Dataset content section start

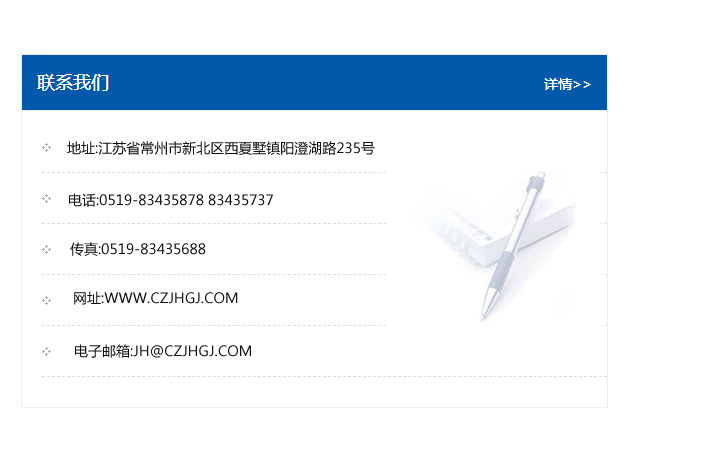 傳真:0519-83435688    郵編:213135    網址:WWW.czjhgj_com.sdfwhb.com    電子郵箱:JH@czjhgj_com.sdfwhb.com
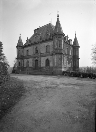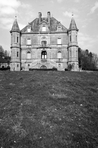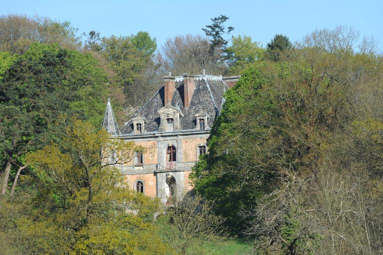 C'est un petit édifice composé d'un corps de logis carré cantonné de tourelles octogonales, et couvert d'un toit en pavillon à terrasse faîtière. Il s'élève sur cinq niveaux, obéissant à une stricte répartition fonctionnelle, habituelle des châteaux de cette époque : le niveau de soubassement est réservé à la cuisine, aux pièces de service et aux caves, et s'ouvre de plain pied sur deux cours situées à l'est et à l'ouest ; le rez-de-chaussée, dévolu aux pièces de réception, voit, du fait de l'adossement du château à une terrasse, son entrée nord accessible en rez-de-cour, alors que l'entrée sud, s'ouvrant sur le parc situé en contrebas, est positionnée très en hauteur par rapport au sol et précédée d'un perron à deux volées convergentes ; l'étage carré et le premier étage de comble sont réservés aux chambres ; enfin, le dernier niveau est occupé par un grenier, d'où l'on peut accéder, par un petit escalier, à la terrasse du toit. Les élévations sont animées de trois travées régulières, la travée centrale des façades antérieure et postérieure bénéficiant d'un traitement décoratif plus marqué. La maçonnerie est enduite (le faux appareil losangé, visible sur une carte postale ancienne, existait encore partiellement dans les années 1970), le soubassement, le bandeau du premier étage, la corniche, les encadrements de baies et les chaînes d'angle sont en pierre de taille de granite, les frontons des lucarnes sont en calcaire. L'enduit extérieur et la couverture sont en très mauvais état. Deux bâtiments de dépendances côtoient le château, dont un construit entièrement en bois. Ces bâtiments sont également en mauvais état. Quant au parc, il conserve quelques beaux arbres et le tracé de ses allées.
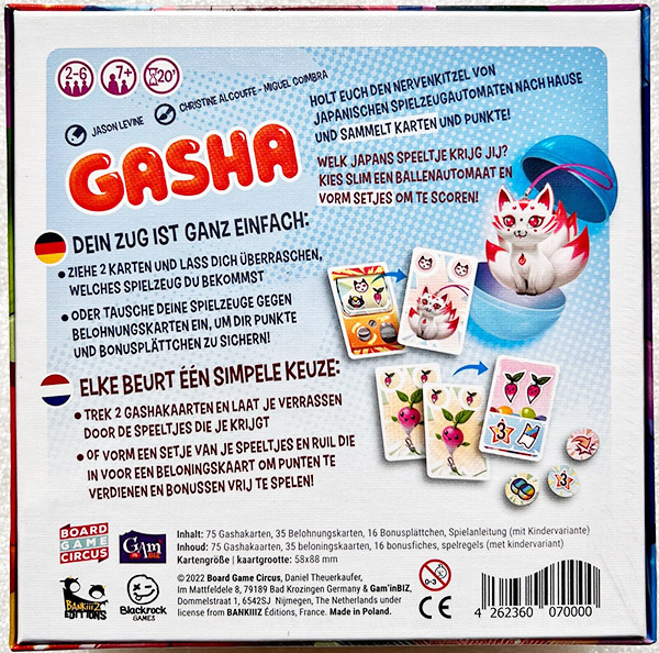 Wie kent die automaten met speeltjes in plastic ballen nou niet? Het is altijd spannend wat je zal krijgen. In Gasha beleef je die spanning in een gestroomlijnd verzamelspel dat leuk is voor jong en oud. Elke beurt trek je 2 kaarten. Op de achterkant van elke kaart zie je welke speeltjes je kunt krijgen. Kies de goede automaten en vorm van de speeltjes die je krijgt setjes die je kunt inwisselen voor punten en bonussen.
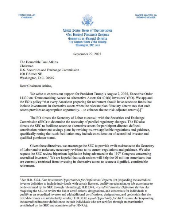 Trong thư gửi Chủ tịch SEC Paul Atkins, các lãnh đạo của Ủy ban Dịch vụ Tài chính Hạ viện Hoa Kỳ đã bày tỏ sự ủng hộ đối với Sắc lệnh Hành pháp 14330 của Tổng thống Trump, ban hành vào ngày 7/8/2025, cho phép nhà đầu tư trong quỹ hưu trí 401(k) tiếp cận các tài sản thay thế như Bitcoin và vàng nhằm tối ưu hóa lợi nhuận và quản lý rủi ro.

Dataset content section end

→ Work to complete
Output the lines of the data exactly, starting at the first and ending with the line that has "Wie kent die". Pictures are not part of it.

→ Solution to this exercise
 傳真:0519-83435688    郵編:213135    網址:WWW.czjhgj_com.sdfwhb.com    電子郵箱:JH@czjhgj_com.sdfwhb.com
 C'est un petit édifice composé d'un corps de logis carré cantonné de tourelles octogonales, et couvert d'un toit en pavillon à terrasse faîtière. Il s'élève sur cinq niveaux, obéissant à une stricte répartition fonctionnelle, habituelle des châteaux de cette époque : le niveau de soubassement est réservé à la cuisine, aux pièces de service et aux caves, et s'ouvre de plain pied sur deux cours situées à l'est et à l'ouest ; le rez-de-chaussée, dévolu aux pièces de réception, voit, du fait de l'adossement du château à une terrasse, son entrée nord accessible en rez-de-cour, alors que l'entrée sud, s'ouvrant sur le parc situé en contrebas, est positionnée très en hauteur par rapport au sol et précédée d'un perron à deux volées convergentes ; l'étage carré et le premier étage de comble sont réservés aux chambres ; enfin, le dernier niveau est occupé par un grenier, d'où l'on peut accéder, par un petit escalier, à la terrasse du toit. Les élévations sont animées de trois travées régulières, la travée centrale des façades antérieure et postérieure bénéficiant d'un traitement décoratif plus marqué. La maçonnerie est enduite (le faux appareil losangé, visible sur une carte postale ancienne, existait encore partiellement dans les années 1970), le soubassement, le bandeau du premier étage, la corniche, les encadrements de baies et les chaînes d'angle sont en pierre de taille de granite, les frontons des lucarnes sont en calcaire. L'enduit extérieur et la couverture sont en très mauvais état. Deux bâtiments de dépendances côtoient le château, dont un construit entièrement en bois. Ces bâtiments sont également en mauvais état. Quant au parc, il conserve quelques beaux arbres et le tracé de ses allées.
 Wie kent die automaten met speeltjes in plastic ballen nou niet? Het is altijd spannend wat je zal krijgen. In Gasha beleef je die spanning in een gestroomlijnd verzamelspel dat leuk is voor jong en oud. Elke beurt trek je 2 kaarten. Op de achterkant van elke kaart zie je welke speeltjes je kunt krijgen. Kies de goede automaten en vorm van de speeltjes die je krijgt setjes die je kunt inwisselen voor punten en bonussen.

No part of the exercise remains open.